The right-handed pitcher dominated Double-A hitters in 2003, owning a 2.97 ERA, 1.24 WHIP, and 2.88 K/BB in 109 innings. Along with starting 15 games, the Indians decided to transition Cabrera from a starter to a reliever. The move was a success, as the pitcher saw a spike in his K/9 (from 8.9 K/9 in 2002 to 9.5 K/9 in 2003), and he also recorded 5 Saves. The 22 year-old continued pitching well through his promotions, pitching t the tune of a 3.84 ERA, 1.33 WHIP, and 2.14 K/BB in 75 innings at Triple-A. But 2004 was much more meaningful to Cabrera than a “mere” Triple-A promotion–he also saw some Major League action. The 22 year-old enjoyed two cups of coffee–one in late-August and the other in late-September–combining for a 3.38 ERA, 0.75 WHIP, and 6.00 K/BB in 5.3 innings. But that was only the start.
Now a full-time reliever, Cabrera absolutely dominated Triple-A hitters with a 1.23 ERA, 0.91 WHIP, and 6.18 K/BB in 51.3 innings. The 23 year-old was immediately summoned by the Indians, and he picked-up right where he left off in Triple-A, pitching to the tune of a 1.47 ERA, 1.14 WHIP, and 2.64 K/BB in 30.6 innings. Before the 2006, many organizational folk felt that Cabrera was ready to take over the closer reigns from 36 year-old Bob Wickman, but they eventually agreed that it couldn’t hurt to have Cabrera pitch a full-season in the Major Leagues before taking-on such a high-pressure responsibility. Unfortunately, the righty fell flat on his face.
In 2006, Cabrera owned an overall 5.19 ERA, 1.40 WHIP, and 2.22 K/BB in 60.6 innings. Even though he sported a dominant 10.5 K/9, his 4.7 BB/9 exposed what would become his Achilles heal. Many people pointed to Cabrera’s horrendous April (15.88 ERA, 2.29 WHIP, and 1.14 K/BB), resurrecting tune-up in Triple-A (1.08 ERA, 1.20 WHIP, and 6.50 K/BB in 8.3 IP), solid rest of the way statistics (4.09 ERA, 1.30 WHIP, and 2.52 K/BB), and indicative 3.95 xFIP to prove his future success, but unfortunately, things only got worse in 2007. After hurling a dismal 5.61 ERA, 1.78 WHIP, and 1.77 K/BB (fueled by a 5.9 BB/9), the Indians exposed the 25 year-old to waivers, where he was picked-up by the Tampa Bay Rays–but then found his way with the Baltimore Orioles.

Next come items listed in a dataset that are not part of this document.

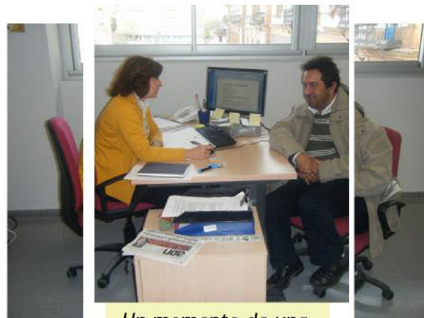
Un momento de una tutoría presencial

La Comisión de Seguimiento, en su reunión del 24 de septiembre de 2007, decidió que el DTS para el colectivo procedente de Delphi se ubicara en Jerez de la Frontera. Se acordó también que dicho Dispositivo realizara acciones de información, orientación, asesoramiento y diseño del Itinerario Personalizado de Inserción (IPI). Para ello, dispuso que a cada uno de los afectados se le realizara una entrevista en profundidad, que determinara los perfiles profesionales y la capacidad e idoneidad de los mismos, con carácter previo a su inclusión en el Plan Formativo. Cada afectado, como compromiso con el IPI y el Plan Formativo, debía suscribir su adscripción al Programa de Reinserción Laboral.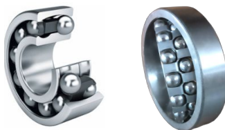
Orientabile a sfere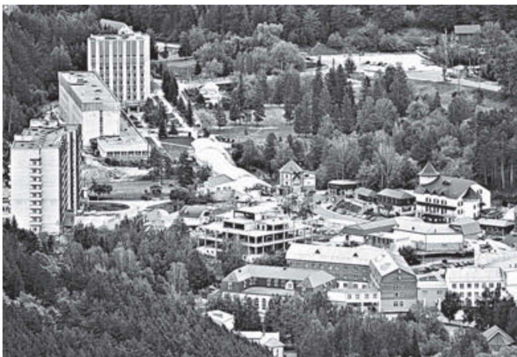
Город-курорт Белокуриха. Глава государства положительно оценил его развитие за последние годы.

в первую очередь необходимо реализовать меры по совершенствованию системы государственного управления и долгосрочного планирования в санаторно-курортном комплексе, созданию инструментов социально-экономического развития курортов.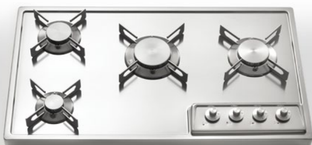
A 478/4G Piano cottura da appoggio a quattro fuochi gas, largo cm 78 A 478/4G Countertop hob with four gas burners, 78 cm width

Profondità Depth cm 45 Larghezza Width cm 78 - 88 - 98 Altezza Height cm 5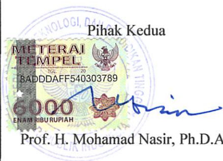
Prof. H. Mohamad Nasir, Ph.D.Ak

Pihak kedua akan melakukan supervisi yang diperlukan serta melakukan evaluasi terhadap capaian kinerja dari perjanjian ini dan mengambil tindakan yang diperlukan dalam rangka pemberian penghargaan dan sanksi.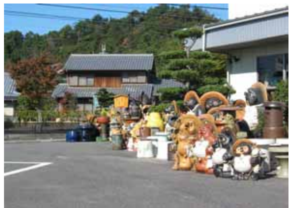
焼物と共に「住んでいて良かった」まち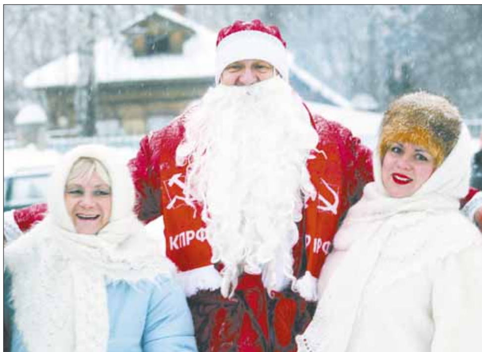
Дед Мороз на фестивале получился политически ангажированным.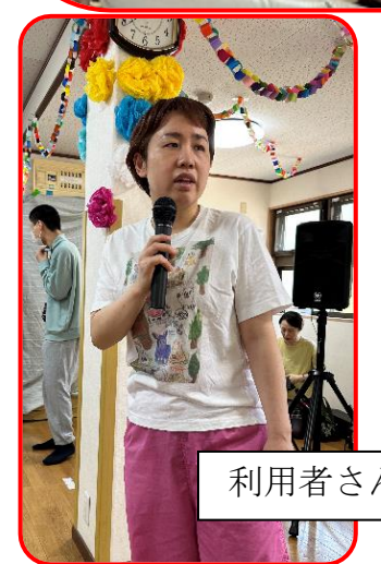
利用者さんによる歌や踊り♪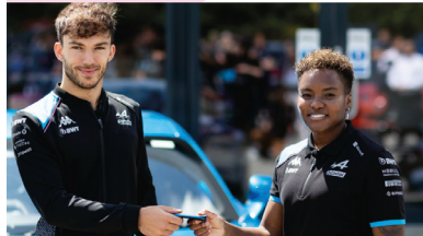
Prise d'acte en compagnie de l'Alpine Academy.

Damon Hill, qui aura également fourni les pneus du moteur à se hisser sur le grêle de départ en raison d'un problème plus que limité. Il faudra ensuite patienter 22 longues années avant de revoir une femme au volant lors d'un week-end de Formule 1. Rejoindre par Williams en qualité de pilote de développement en 2012, Susie Wolff est alignée durant les Escalis Libres 1 des Grands Prix de Grande-Bretagne puis d'Allemagne 2014. L'occasion renouvelée l'expérience la saison suivante à Barcelone (Espagne) et Silverstone (Royaume-Uni). L'ancienne coureuse DTM devient ensuite technicienne, puis CEO de Racecar Media en Formule E avant d'être nommée, le 1 er mars 2023, directrice générale du nouveau championnat de monoplace 100% féminin affilié à la catégorie reine : la F1 Academy.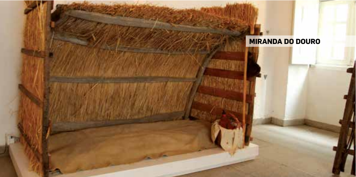
MIRANDA DO DOURO

Rua do Carvalho- Centro Histórico 4960-536 Melgaço GPS: 42°6'52.18" N 8°15'36.90" W tel.: 251 401 575 e-mail: museudecinema@cm-melgaco.pt site: www.cm-melgaco.pt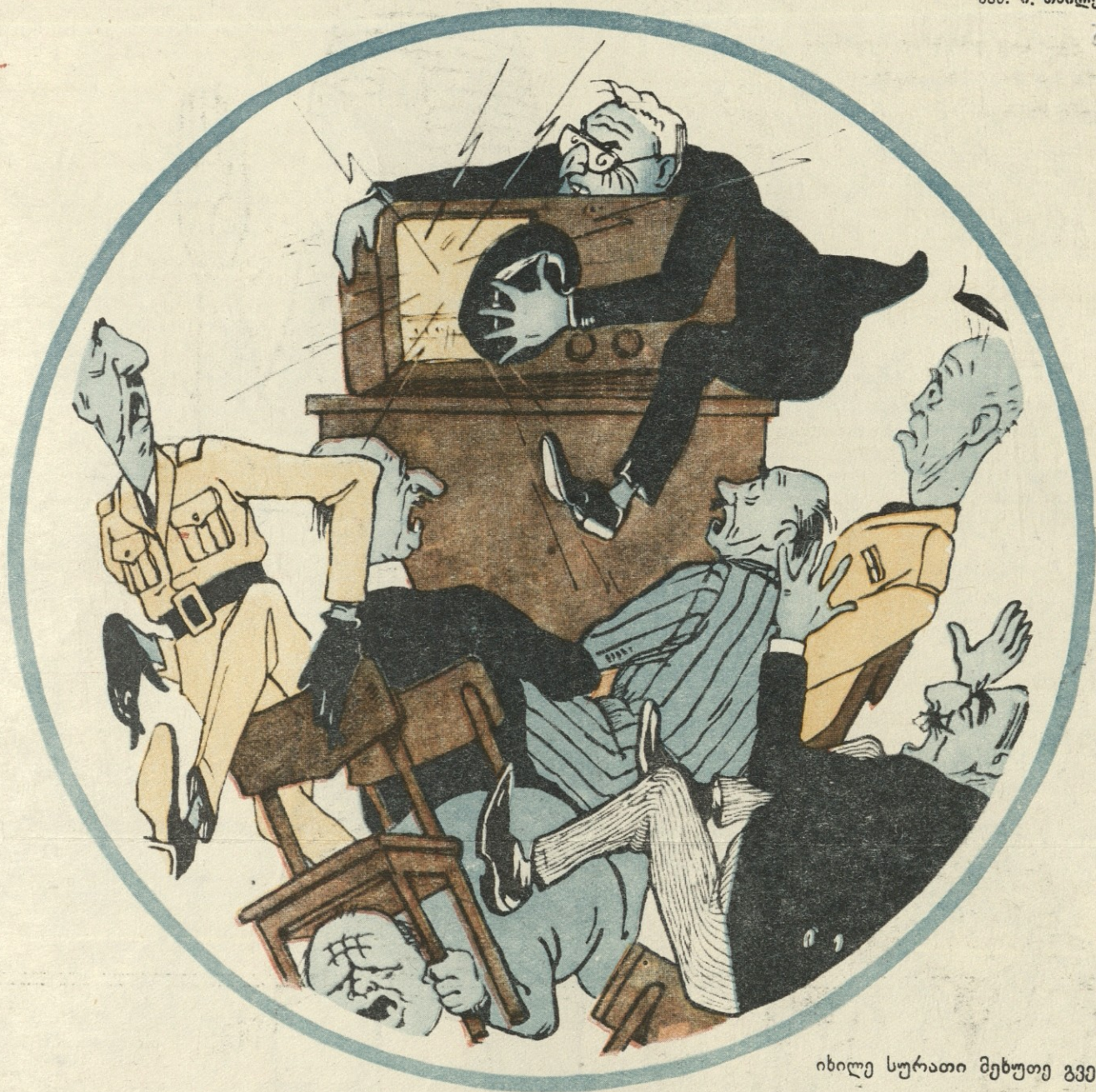
იხილე სურათი მეხუთე გვერდზე.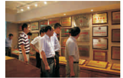
江苏省文明单位考核组一行

6月19日，江苏省文明单位考核组一行，就我公司创建2010-2012年度江苏省文明单位工作进行现场实地考察。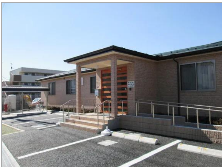
【愛の家グループホーム久喜東の外観】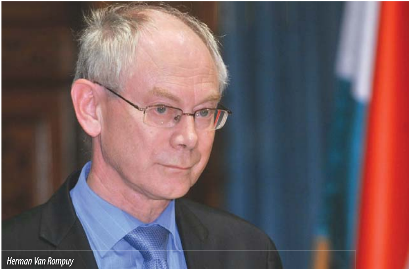
Herman Van Rompuy

Az Európai Parlament Néppárti Frakciójának 2010. március 3-i rendes ülése azáltal vált különlegessé, hogy azt – megválasztása óta első ízben – jelenlétével tisztelte meg Herman Van Rompuy , az Európai Tanács elnöke. Az ismerkedés céljából megrendezett eszmecsere kapcsán a Lisszaboni Szerződés révén létrehozott új tisztséget elsőként betöltő új elnök az Európai Unió intézményei és tisztségviselői közötti kapcsolattartás és együttműködés fontosságát, valamint saját, ez iránti elkötelezettségét hangsúlyozta.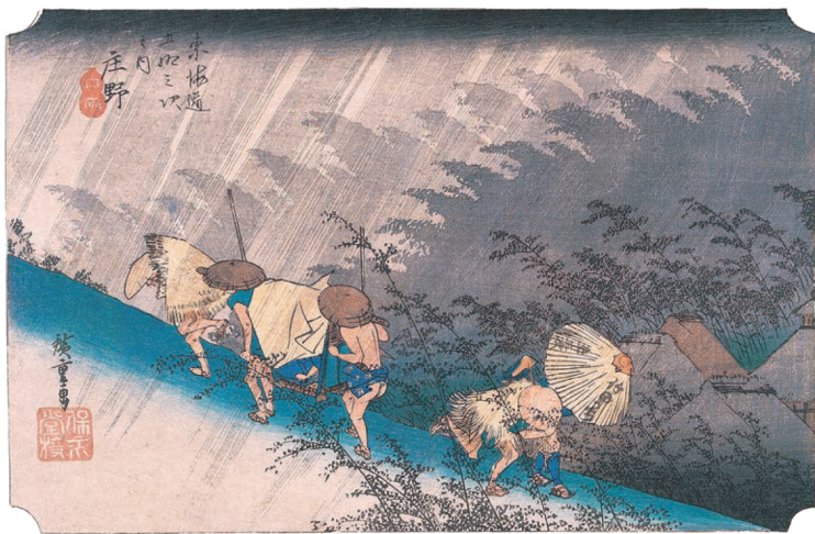
東海道五拾三次之内 庄野 白雨(保永堂版)

風景画の名手歌川広重の代表作である保永堂版「東海道五拾三次之内」全55図に加え、行書版、隸書版、絵巻東海道などの各種東海道絵や、広重のもうひとつの代表的街道絵である「木曾海道六拾九次之内」から作品を紹介いたします。 また、江戸や近江などの名所絵もあわせて紹介し、広重の風景画の世界をすぐれた個人コレクションとともに堪能いただけます。

Not much changed in Baltimore, as Cabrera got rocked (12.60 ERA, 2.10 WHIP, and 1.00 K/BB in 10 IP). Then after a consecutive bad stint with the Orioles in 2008 (5.40 ERA, 1.72 WHIP, and 1.82 K/BB in 28.3 IP), the Orioles parted ways with the walk-troubled reliever. The Boston Red Sox signed Cabrera in January 2009, but similar to his tenure with the Orioles, he failed to live-up to his past successes (combined 10.80 ERA, 2.25 WHIP, and 1.33 K/BB in 6.6 IP from 2009 to 2010).
Last season, Cabrera spent the entire year in Triple-A for the Oakland Athletics organization. The 29 year-old’s 2.71 ERA, 1.19 WHIP, and 2.81 K/BB in 63 innings warranted a call-up, but it never came. Considering his last respectable season came in 2005, one can’t really blame the Athletics for keeping the righty in the Minor Leagues.
Fernando Cabrera’s case is an interesting one. While the pitcher’s Minor League career doesn’t exactly scream “control artist” (career 3.5 BB/9 in 736 IP), it hardly accounts for why he has so much trouble throwing strikes in the show (career 5.0 BB/9 in 175.3 IP). In addition, his continual success in the Minor Leagues (career 3.24 ERA, 1.23 WHIP, and 2.74 K/BB) and three-pitch arsenal (fastball, slider, and change-up) still makes him a prudent guy to have kicking the tires in Triple-A. Cabrera has had three changes of scenery since his Indians-days, but maybe the lofty confines of Citi Field will at least help his gopheritis (career 1.64 HR/9).